BP and Iraq to Develop Oilfields in Kirkuk

BP will team up with the government of Iraq to rehabilitate and develop four oil and gas fields in the northern region of Kirkuk.
The two sides signed a preliminary agreement to that effect this week. The deal follows another one, signed in 2013, for the development of the giant Kirkuk field, which is estimated to hold some nine billion barrels of recoverable crude. That deal was put on hold a year later, however, amid the Islamic State’s advance across the Middle East.
Following the war with IS, the autonomous region of Kurdistan claimed ownership of the Kirkuk field, further challenging the deal BP had with the central Iraqi government.

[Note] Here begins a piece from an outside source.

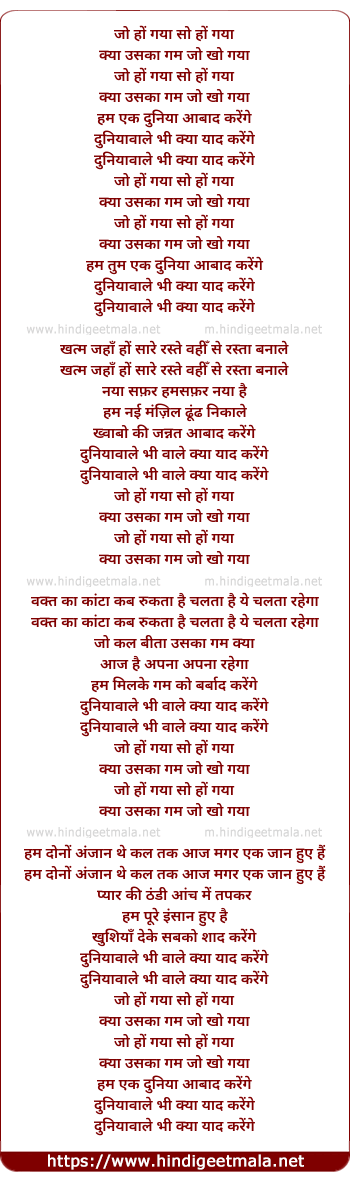 Lyrics of Duniyawaale Bhi Kya Yaad Karenge - दुनियावाले भी क्या याद करेंगे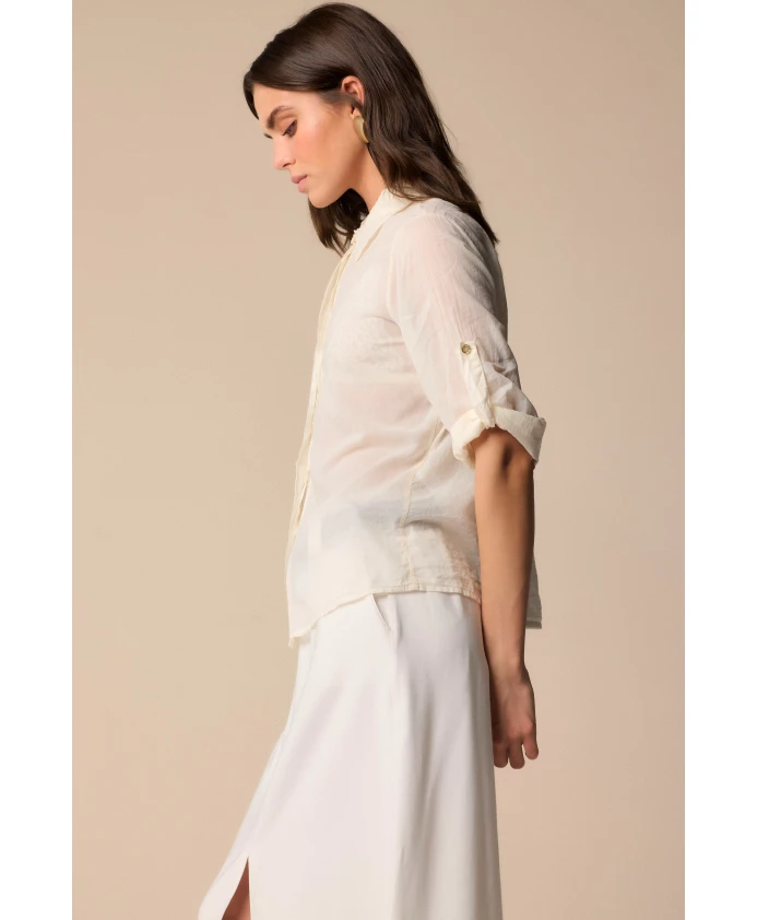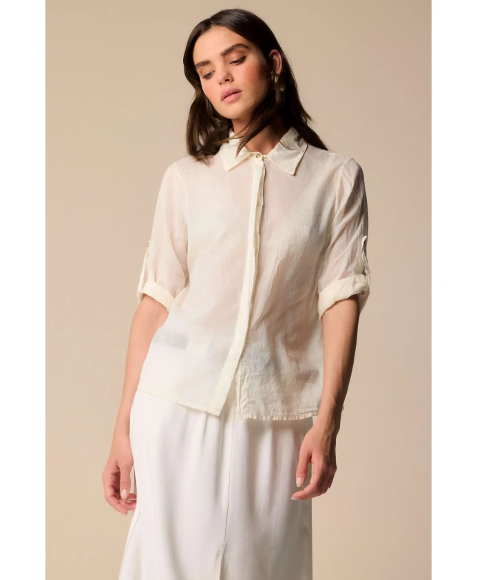 Роскошная блузка Kocca молочного кремового цвета с потайными пуговицами и рукавами, которые можно подвернуть, придаст элегантности и идеально подходит для создания разнообразных образов. Ключевые особенности: Белый | Не указано | Потайные пуговицы | Рукава, которые можно подвернуть | Простой воротник |

In a news release on the deal, BP said it would involve “Rehabilitation of existing facilities, where required, and the construction of new facilities – including gas expansion projects – together with a drilling programme at the Kirkuk fields, has the potential to stabilize production and reverse decline, returning production from this nationally important oilfield to a growth path.”
Iraq is the second-largest oil producer in OPEC and Kirkuk is where its oil industry was born. In the past decade or so, however, oil operations in Kirkuk have been problematic due to disputes between the central government in Baghdad and the Kurdish regional government over control of the oil fields—and the oil revenues. The dispute was eventually resolved only for another crisis to emerge, this time concerning the pipeline shipping Kirkuk crude to Turkey.
The drama followed an International Chamber of Commerce ruling in March 2023 in a dispute between Turkey and Iraq regarding Kurdistan oil. The ICC ruled in favor of Iraq, which had argued that Turkey should not allow Kurdish oil exports via the Iraq-Turkey pipeline and the Turkish port of Ceyhan without approval from the federal government of Iraq.
As a result, shipments of oil from Kurdistan to Turkey have been suspended for over a year now, with whatever oil is still produced in the region going to local refineries. Reuters recently reported that smuggling is rife in the northern Iraqi region, with the oil getting loaded on trucks and smuggled into Turkey and Iran.